Tuesday, 17 May 2016

A Walk around Tamarisk Way & Pendeen Court, Cippenham

 
 
 
Pedestrian entrance to social housing complex at Tamarisk Way, Cippenham
 
The only thing missing from this happy vista is a regular patrol of greatcoat-wearing guards barking orders in German accompanied by Alsatian dogs straining at the leash. The dingy architecture, the humourless symmetry of the buildings, the joyless communal lawns, the unnecessarily fenced entrance all serve to give this complex a charming concentration-camp vibe that can only mean one thing: social housing. And indeed, this development does contain a high proportion of council-rented flats.
The small, prison-like windows look out onto a shared lawn area that boasts a couple of scraggly bushes and stunted firs but no mature, full-size trees; all that’s missing is a watchtower and barbed wire. There are no benches or any area to stop at. As nothing is to be ’wasted’ on these people, there’s no garden, or even any allowance for residents to create their own. There aren’t even any flowers.
The blocks are identical in size and style, with little discernible divisions between where one flat ands and the next one starts. There is no variation in elevation or angle. The brickwork is doom-laden and the building entrances as unceremonious as a gas-bill. The dark window frames, a favourite of 1980s house design, add to the barracks-like feel and the general despair of the place.
 
Well, you’re not here to be entertained: the rules of social housing are in full effect, with individuality replaced by a levelled, communal underclass identity, with no visual stimulation or aesthetic quality that would make you want to linger, and a bland, institutional feel that belies any attempt at social support or mobility and heads for a kind of collective punishment instead.
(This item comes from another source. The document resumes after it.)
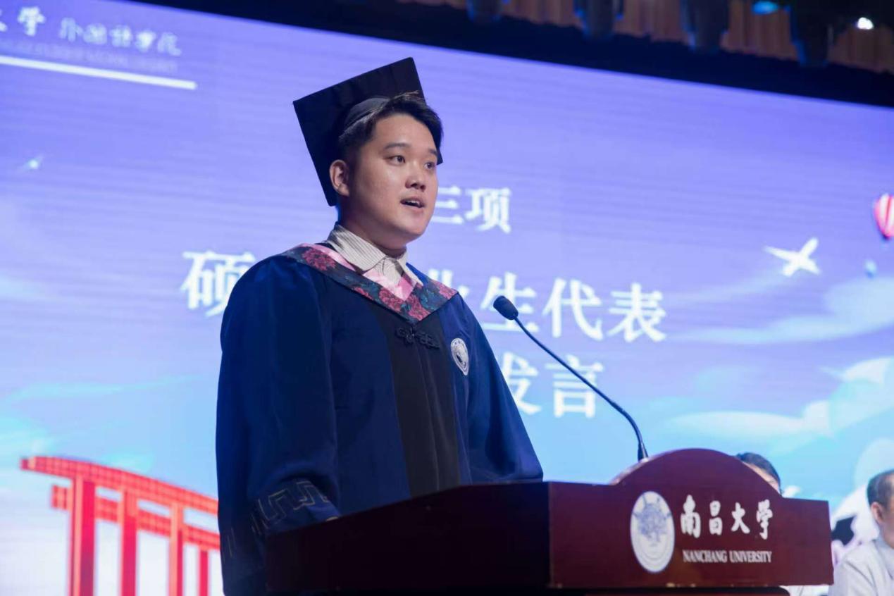 研究生毕业生代表刘禧亮同学以真挚的语言分享了自己的专业成长故事。作为“外研社·国才杯”“理解当代中国”全国大学生外语能力大赛英语组口译赛项国赛银奖获得者,他生动回忆了初学口译时的磕磕绊绊、词不达意,到如今能够在中英双语间自如转换的蜕变过程。刘禧亮同学深情地说道:语言不仅是交流的工具,更是文明的载体。作为外语人,我们肩负着讲好中国故事,传播好中国声音的使命。 面对人工智能对语言服务行业带来的变革,刘禧亮同学展现出外院学子特有的理性与担当:AI的崛起不是翻译工作者的末日,而是我们重新定义专业价值的新起点。我相信只要不断学习,打磨专业能力和人文素养,我们一定能在新时代的浪潮中站稳脚步,持续发出属于人类译者最清晰、最特别的声音。

Like a kind of lower-class social POW camp, there is to be no escape. (*Bang!* thud.)


 
 

(Above) Taken from the communal lawn area at the centre of the development. With only the flat grass patch and the joylessly-squared hedge (somebody put it out of its misery, please!) to flatter the eye outside, the residents instead beam in aesthetic pleasure from afar using their satellite dishes. No birds do sing, no kids do play… The green space might have been a bit more lively, but the small sign on the right gives the usual ‘NO BALL GAMES’ order, which is a kind of shorthand for ‘no kids’, ‘no frivolity’ and ‘no fun’.
The depressing nature of the buildings continues undiminished, and even the merged gable in the corner doesn’t break the monotony-- if anything it makes the place look slightly creepier, as if two unwilling entities were forcibly merged into the same space, an apt metaphor for social housing if ever I heard one.
 
 
The other side of the communal lawn. The complex looks a little worse for wear, despite only being built around 1990.
 
 
 

Pendeen Court complex, Tamarisk Way
Many of Slough’s vulnerable end up along Tamarisk Way, including the homeless or about-to-be-homeless. The area sees its fair share of crime too, with local crime reports over the last decade giving Tamarisk Way as the address of people variously convicted of dealing Heroin, knife possession, kidnapping and beating, robbing, and in one disturbing case, terrorizing neighbours with loud music, threatening behaviour and by posting excrement through their letterboxes. A couple of years ago the local playground lost some of its equipment to arson.
The council-owned flats are far from charming too. Residents in Pendeen Court complained earlier this year that they had been without hot water for five days, with one couple adding that the squalid flat they had been moved into had a broken toilet seat, broken pipes and “blood all over the floor by the cooker in the kitchen, lifted tiles, a broken cupboard that is thick with black mould underneath”.
 
Meanwhile this family lives here at the mercy of the council with the threat of being moved across the country to Doncaster dangling overhead, as the council has difficulties in housing people in Slough-- a symptom suffered before by the victims of Slough’s housing crisis (the last time this was reported in the local press the affected people were offered housing in Leicester, which at a mere hundred-odd miles away seems practically next door when compared to Doncaster ).
 
All this will come as no surprise to anyone viewing this area; it looks punitively depressing and that’s exactly the intended effect. Like all social housing it is partly a punishment, perhaps designed to encourage people not to linger on the public purse but more likely designed simply as a reflection of the way people at the lower end are supposedly to be viewed, with their need of charity resented and their social backgrounds loathed, worthy of contempt and undeserving of solace. It is a place designed to contain the undesired and the uncherished, with poorly-furnished flats for poorly-furnished lives and an architecture as grim and merciless as the forces that toss these people around like so much human flotsam.